Requirement:
Output the full listing below exactly, without the pictures.

Data block:
Start of Block

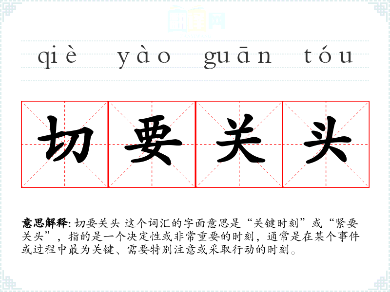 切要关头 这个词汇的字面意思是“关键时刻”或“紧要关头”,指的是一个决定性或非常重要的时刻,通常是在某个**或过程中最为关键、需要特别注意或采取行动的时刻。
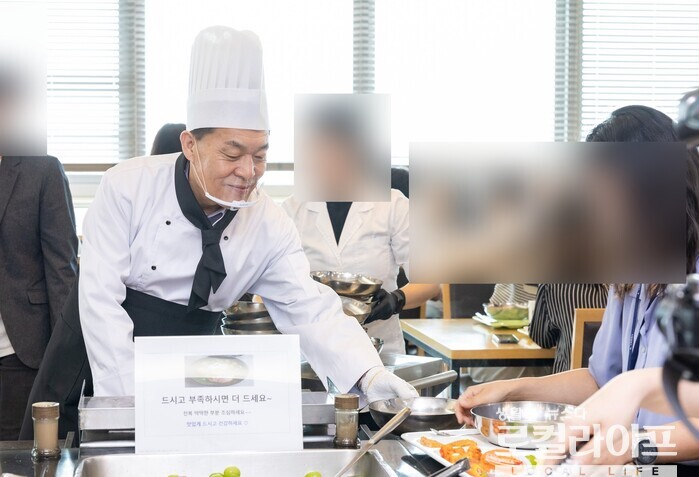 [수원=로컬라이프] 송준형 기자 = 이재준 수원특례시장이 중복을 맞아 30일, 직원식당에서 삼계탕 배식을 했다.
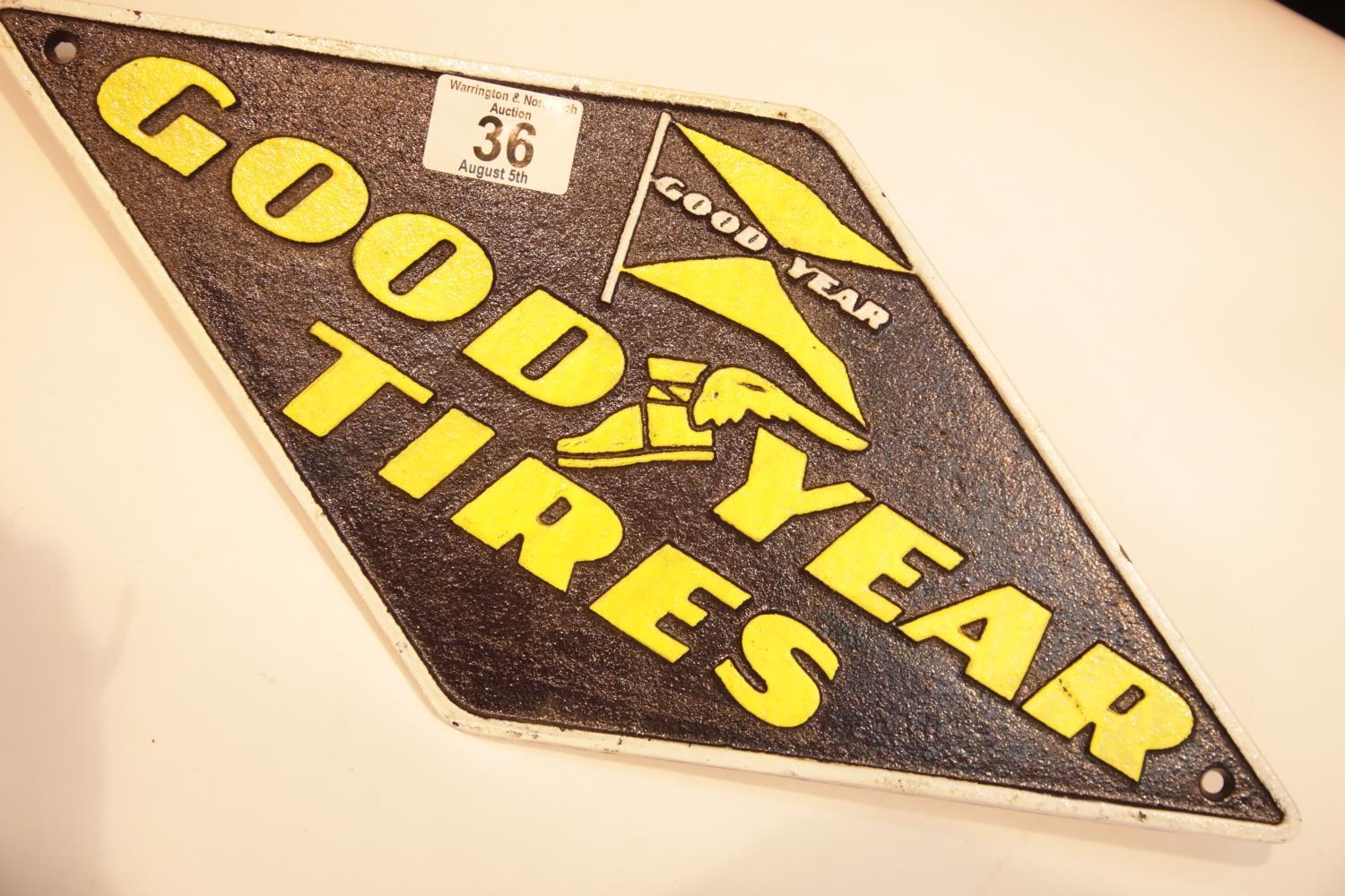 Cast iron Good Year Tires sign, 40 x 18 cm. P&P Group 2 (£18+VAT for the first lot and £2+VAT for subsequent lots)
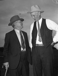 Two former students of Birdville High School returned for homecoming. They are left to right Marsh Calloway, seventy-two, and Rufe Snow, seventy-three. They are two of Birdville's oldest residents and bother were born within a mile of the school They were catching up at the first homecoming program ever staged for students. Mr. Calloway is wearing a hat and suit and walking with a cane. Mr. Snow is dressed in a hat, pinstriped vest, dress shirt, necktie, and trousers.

End of Block

Answer section:
 切要关头 这个词汇的字面意思是“关键时刻”或“紧要关头”,指的是一个决定性或非常重要的时刻,通常是在某个**或过程中最为关键、需要特别注意或采取行动的时刻。
 [수원=로컬라이프] 송준형 기자 = 이재준 수원특례시장이 중복을 맞아 30일, 직원식당에서 삼계탕 배식을 했다.
 Cast iron Good Year Tires sign, 40 x 18 cm. P&P Group 2 (£18+VAT for the first lot and £2+VAT for subsequent lots)
 Two former students of Birdville High School returned for homecoming. They are left to right Marsh Calloway, seventy-two, and Rufe Snow, seventy-three. They are two of Birdville's oldest residents and bother were born within a mile of the school They were catching up at the first homecoming program ever staged for students. Mr. Calloway is wearing a hat and suit and walking with a cane. Mr. Snow is dressed in a hat, pinstriped vest, dress shirt, necktie, and trousers.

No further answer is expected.